In the embodiment shown in Fig. 1, Fig. 4, Fig. 5, cooling liquid passage 3 and cooled gas path 4 are linear path,
As shown in Figure 6.In this fashion, cooling liquid passage 3 and cooled gas path 4 carry over the short side direction arrangement of workbench, this
Sample, the mileage of single channel shorten, and by fast, the temperature drop of whole workbench is just more uniform for liquid, gas;And same medium
Each bar passage be connected in parallel on same main pipe rail, be synchronously passed through in workbench, cool simultaneously everywhere.

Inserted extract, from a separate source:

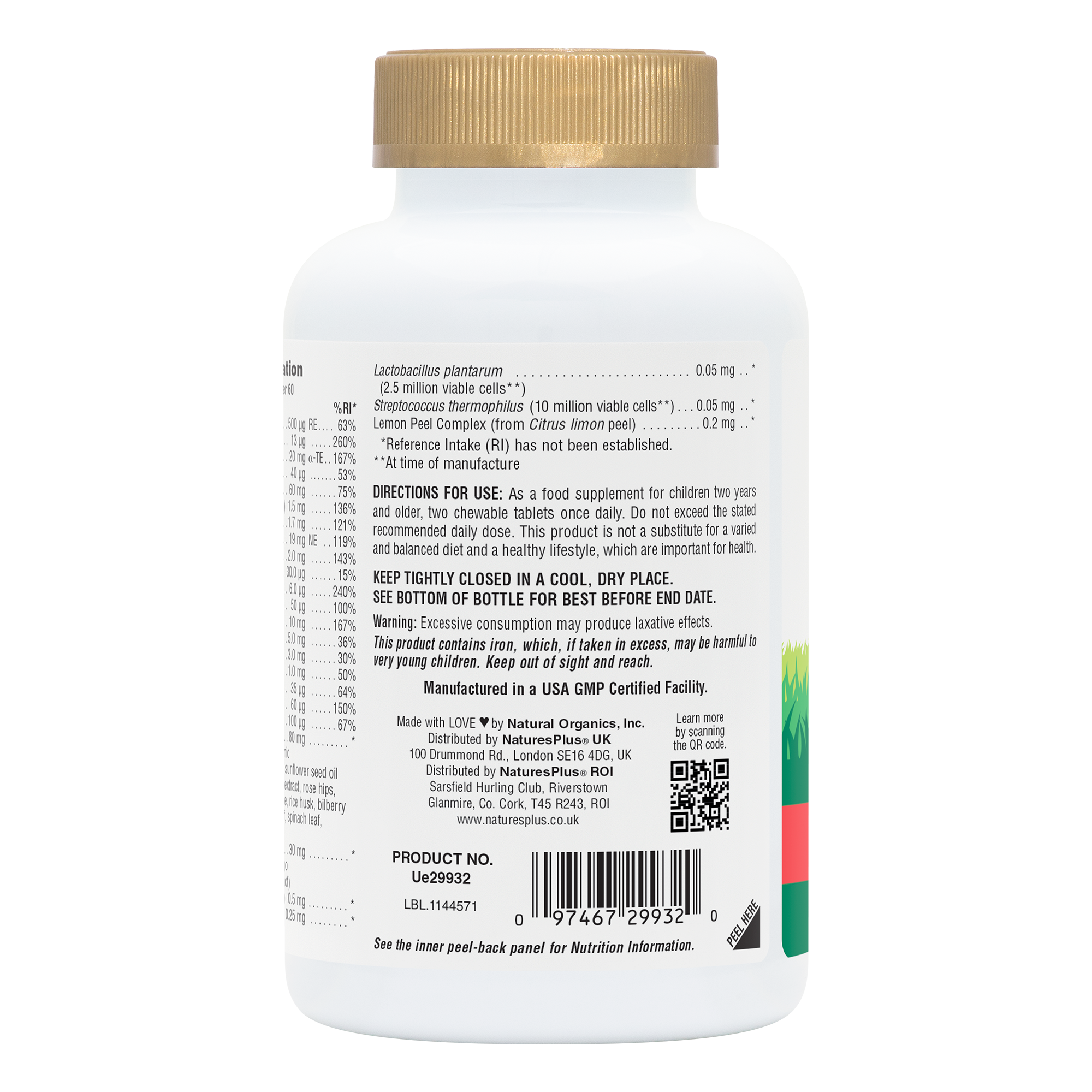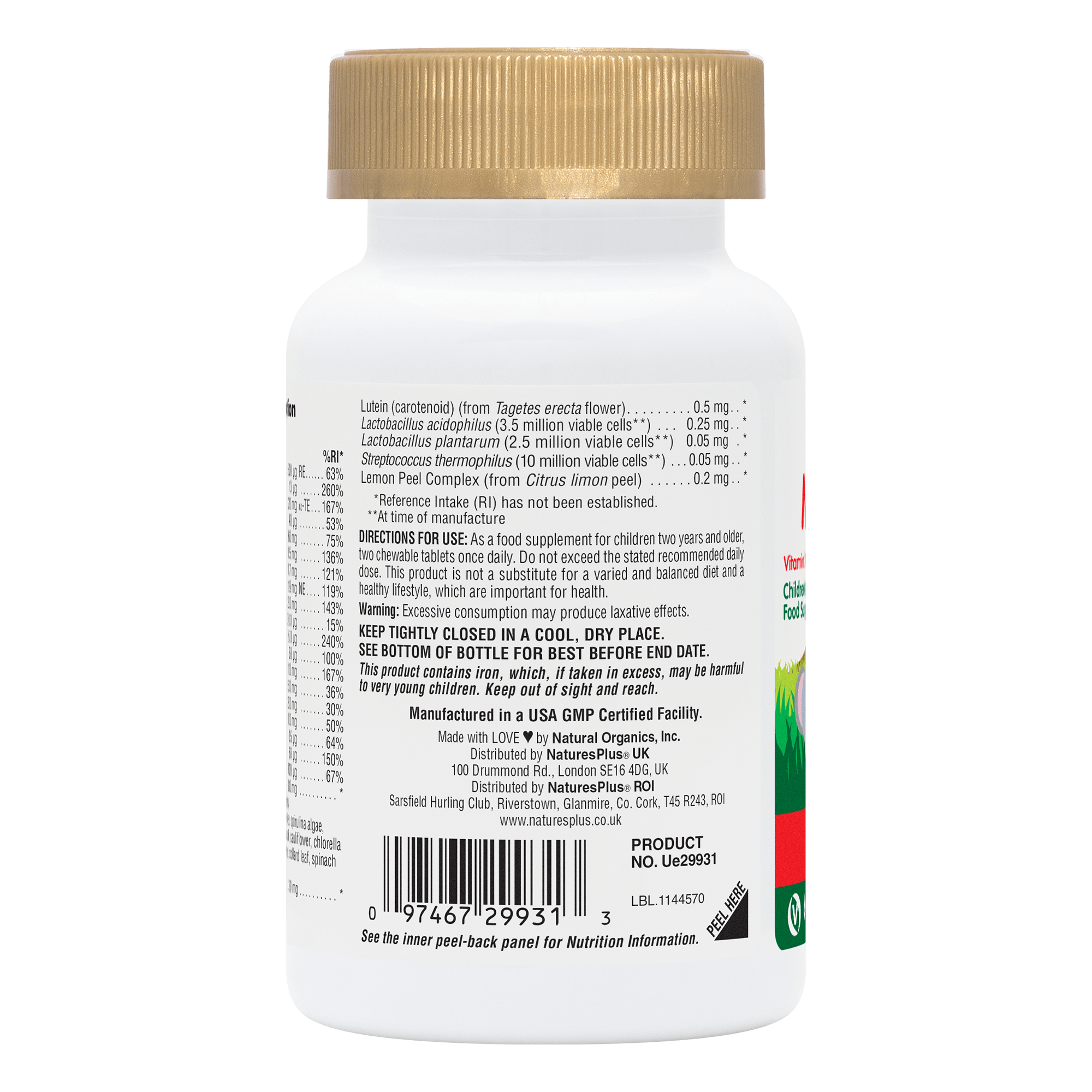 • A SPECIAL FORMULA FOR CHILDREN: Each chewable tablet supplies Vitamin D3 (500 IU), vitamin K2, trace minerals, enzymes, 20 organic whole foods and more in fun animal shapes with a taste that kids love.

Cooling liquid passage 3 and the import and export of cooled gas path 4 are introduced by pipeline, draw vacuum chamber, the port of export
Pipeline first introduces a water cooling cold-trap, and is provided with isolating valve before cold-trap is entered, it is therefore an objective to water-cooled cooling is carried out in exit,
And make safeguard protection.
During work, when workbench has higher temperature, 300 or 400 degree are first naturally cooled to, cooling is very fast during high temperature,
Then gas is passed through in pipeline can accelerate cooling velocity to 100 degree, fast cooling, when reaching less than 100 DEG C, close nitrogen, then
Cooling water is passed through in water route, can thus reach the purpose of fast cooling.For vacuum plasma industry, due to being passed through
Nitrogen gas and water be not exposed in vacuum cavity, so will not to object form pyroreaction.Due to the workbench one in vacuum chamber
As directly object is heated, so, solve the In- in vacuum industry, vacuum plasma industry to a certain extent
The cooling problem of Line equipment.
Claims (9)
- A kind of 1. workbench fast cooling device in vacuum environment, it is characterised in that:Described device is included in the workbench The cooling liquid passage and cooled gas path that portion is set, wherein the cooling liquid passage and cooled gas path are dispersed throughout institute State inside workbench, and use at times, the cooling liquid passage and cooled gas path are tapped into by pipeline sealing With pick out the vacuum environment.
- 2. workbench fast cooling device in vacuum environment according to claim 1, it is characterised in that:The cooling liquid Passage and cooled gas path share a kind of passage.
- 3. workbench fast cooling device in vacuum environment according to claim 1, it is characterised in that:The cooling liquid Passage and cooled gas path use each independent passage.
- 4. workbench fast cooling device in the vacuum environment according to claim 1 or 2 or 3, it is characterised in that:It is described cold But fluid passage and cooled gas path are arranged in inside the workbench in bending shape of creeping.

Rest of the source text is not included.